Atami is twinned with:
- JPN Beppu, Ōita, Japan, since August 1966
- ITA Sanremo, Italy, since November 1976
- POR Cascais, Portugal, since July 1990
- PRC Zhuhai, China, friendship city since July 2004

==Notable people==

- Yū Hayami, singer, actress
- Yuka Imai, voice actress
- Yuji Ohno, jazz musician
- Atamifuji Sakutarō, professional sumo wrestler
- Mitsuko Uchida, classical pianist

== Local attractions==
- Atami Castle, a Japanese castle replica serving as a museum, built in 1959. Features a garden with over 200 sakura trees
- Church of World Messianity headquarters
- Izusan Jinja, an ancient Shinto shrine, a major site of the syncretic Shugendō religion
- MOA Museum of Art, housing the extensive art collection of eccentric multimillionaire and religious leader Mokichi Okada
- Peace Pagoda, built by Nipponzan-Myōhōji in 1961

==In popular culture==
- In the 1951 film Tokyo File 212, a key scene takes place at a resort in Atami.
- In the 1953 film Tokyo Story, the parents visit the hot springs in Atami.
- Much of the 1953 film, A Japanese Tragedy, is set in Atami.
- Atami appears in the 1954 film, Golden Demon (Konjiki Yasha), based on the novel of the same name by Kōyō Ozaki, as the place where two main characters become engaged to be married.
- In the 1962 film King Kong vs.

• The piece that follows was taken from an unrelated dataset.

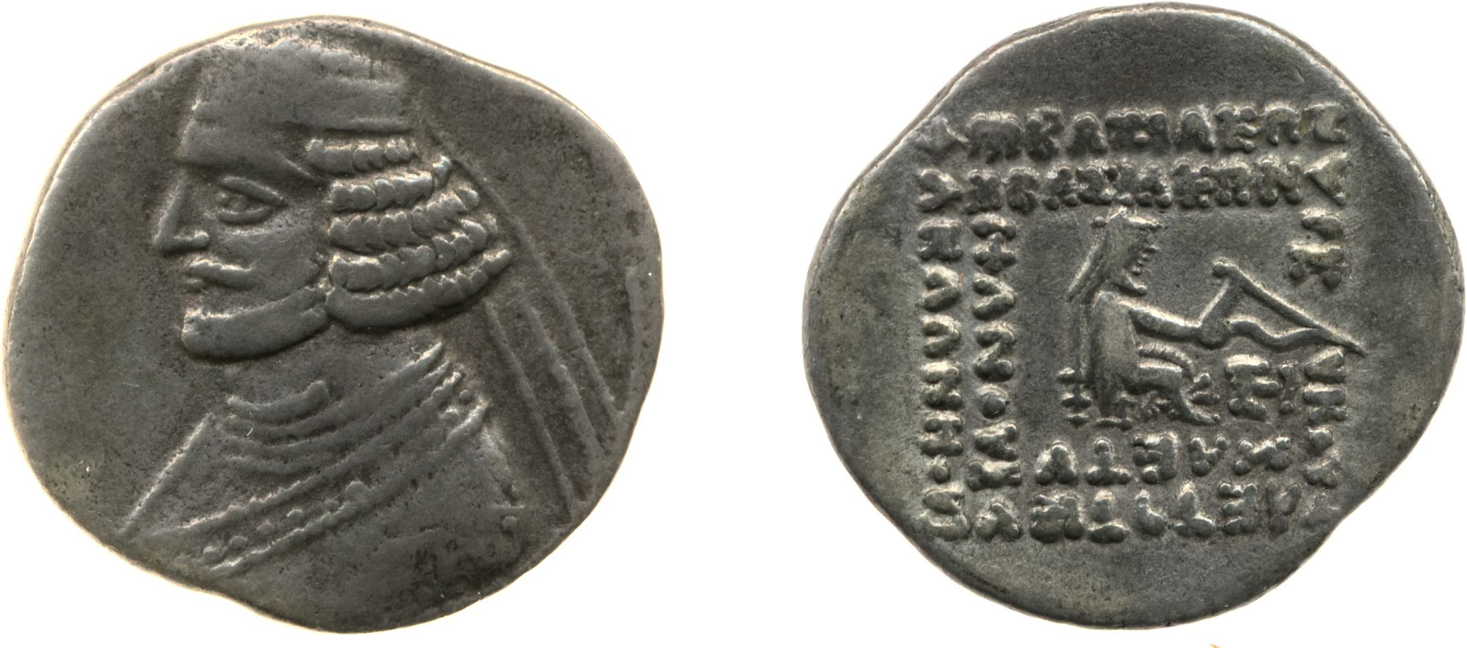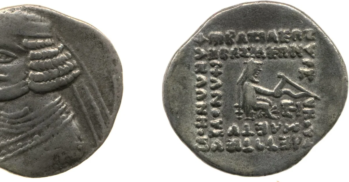 Parthian silver coin of Orodes II (57-38 BCE). The obverse shows Orodes II facing left, wearing diadem and torque, while the reverse depicts an archer seated on a throne.

Godzilla, the final throes of the film's climactic battle between Godzilla and King Kong sees them descending Mount Fuji and into Atami. After destroying Atami Castle during a trade of blows, the two monsters fall over a cliff into Sagami Bay, with Kong emerging as the victor of the fight.
- In the 1967 film Gappa, the Triphibian Monster, the two adult Gappa creatures make landfall in Atami, destroying much of it in the process.
- In episode 89 of the anime series Urusei Yatsura, Mrs. Moroboshi wins a 2-day trip to Atami with her husband, leaving her son Ataru, the main character, at home alone with Lum.
- In the Studio Ghibli anime drama, Only Yesterday, the main character Taeko goes to Atami at age 10, visiting some of the onsen, but she passes out in the Roman bath from dizziness.
- In the first episode of Neon Genesis Evangelion, Shinji Ikari is picked up by Misato Katsuragi in Atami.
- Atami is the setting of the 2010 TV drama Atami no Sousakan.
- In the 2016 anime series Prince of Stride, Atami is the first stop in the End of Summer Trial Tour.
- The 2017 manga Wash It All Away is set in Atami, as is its 2026 anime adaptation.
- In the 2019 video game AI: The Somnium Files, protagonist Kaname Date is a detective solving a murder mystery. In one of the game's endings, he quits the case and goes with a woman to Atami. In the 2022 sequel AI: The Somnium Files – Nirvana Initiative, protagonist Kuruto Ryuki can have a similar ending with the same woman.